When they reached camp they put the packs on their animals and returning, pitched their tent in a pretty little grove of stunted spruces, close to the edge of a tiny rivulet, where wood was plentiful and there was some grass.
From here they could look out on a dozen splendid mountain peaks, some of them covered with perpetual snow, and with great fields of white snow on the sides of others that seemed to indicate glaciers flowing down their slopes.
Early next morning the three set out to explore this alpine valley, or rather, the mountains which surround it. Opposite them, to the west, rose the huge mountain along whose sides they had now passed several times. To the south of it was a saddle, beyond which again rose a rocky ridge, rising toward a point that was hidden from view by the high cliff to the south, over which came the great water fall that fed the large stream which was the main river. Opposite this saddle, and so to the east of the camp, was a valley in which grew some pine timber, and which seemed to rise by a gentle ascent to very high rocky peaks that were bare of snow.
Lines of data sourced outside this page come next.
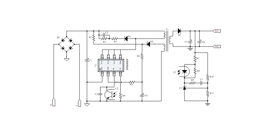 SP6649DF內(nèi)置多種保護(hù),包括逐周期限流保護(hù)(OCP),過載保護(hù)(OLP),過壓保護(hù)(VDD OVP),VDD過壓箝位,欠壓保護(hù)(UVLO),過溫保護(hù)(OTP)等,通過內(nèi)部的圖騰柱驅(qū)動結(jié)構(gòu)可以更好的改善系統(tǒng)的EMI特性和開關(guān)的軟啟動控制。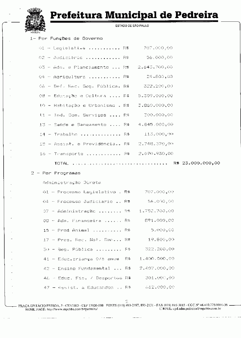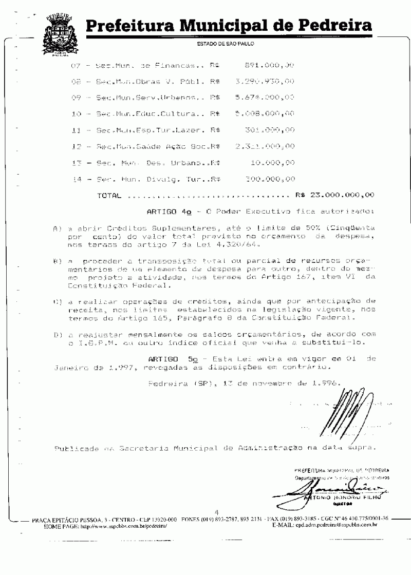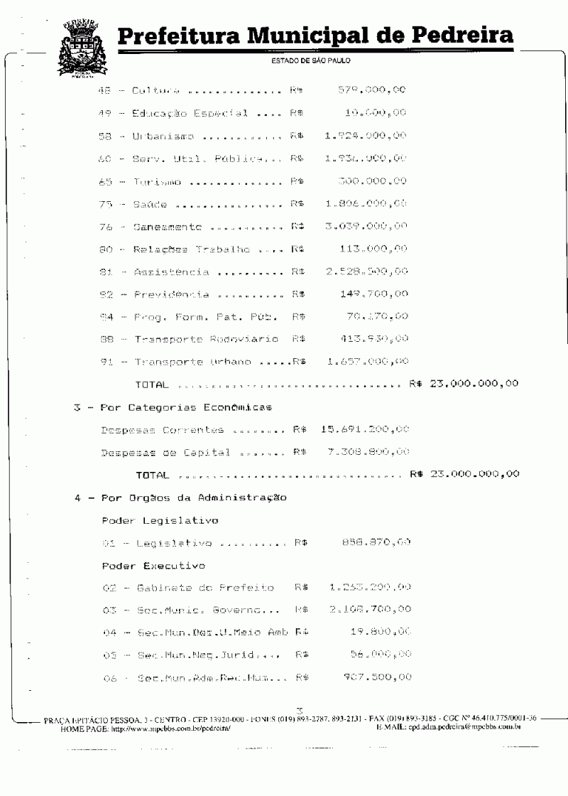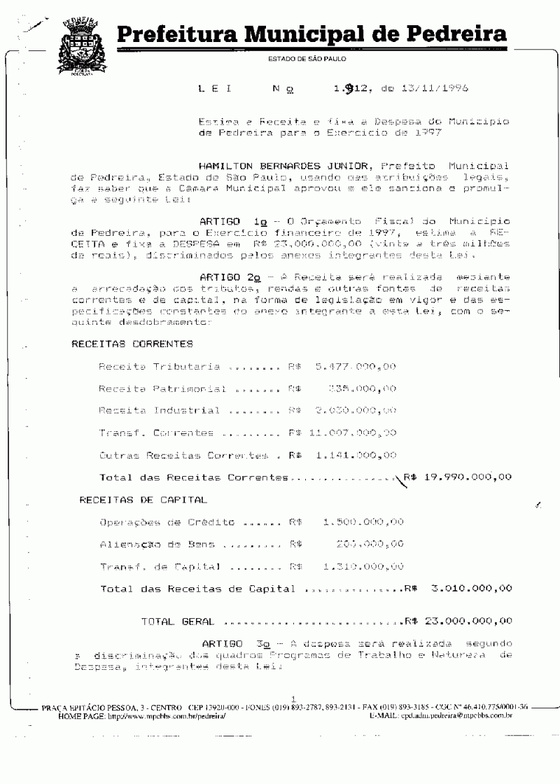 Ementa: Estima a Receita e fixa a Despesa do Município de Pedreira para o exercício de 1997.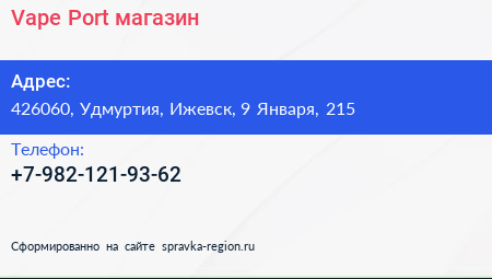 Vape Port, магазин по адресу 426060, Удмуртия, Ижевск, 9 Января, 215 в дальнейшем Организация, размещена в следующих категориях:

“Which way shall we go, Hugh?” said Jack. “We have a lot of country to travel over, though of course we don’t know how far we can go in any direction.”
“No,” said Hugh, “we’ve got to learn that for ourselves. Now the horses are a little tired; they’ve been traveling pretty steadily for two or three days now, what do you say to leaving them to feed here and crossing over the creek and walking up that snow slope to yon saddle, and seeing what there is on the other side of it? I reckon that here we’re about as close to the Divide as we can get, and I guess likely that if we can reach that crest of rock that lies above the snow and look over it, we’ll be seeing waters that flow into the Flat Head Lake, and so into the Pacific Ocean. If we can get up on to that ridge, we may be able to see what it is that lies off to the south of us here, which is toward the Cut Bank Pass.”
“I’d like to do that,” said Jack. “How do you feel about it, Joe?”
“Well,” answered Joe, “I’d like to see it, only I don’t want to go sliding round, the way I did the other day. I tell you I was scared that time. I couldn’t hold myself back, and I didn’t know what was going to happen to me.”
“Yes,” said Jack, “I was scared, too. It would be pretty bad luck if one of us got hurt and had to be nursed up here in the mountains, or packed in to the Agency to find a doctor.”
“Well,” said Hugh, “you boys have got to be careful wherever you go, and you must think about what your carelessness might cost other people.
“Now, if we go up over that snow, we’ve got to try to fix ourselves out for it. We’d better each one of us take a kind of walking stick to hold on with, and a rope, so that if we get in any place where the going is right bad we can tie ourselves together, and go mighty careful, one at a time, the way Jack was telling us the other day that those mountain-climbing fellows do in Europe. I’ll take the ax and go over into this small timber across the creek, and cut some sticks for us to use.”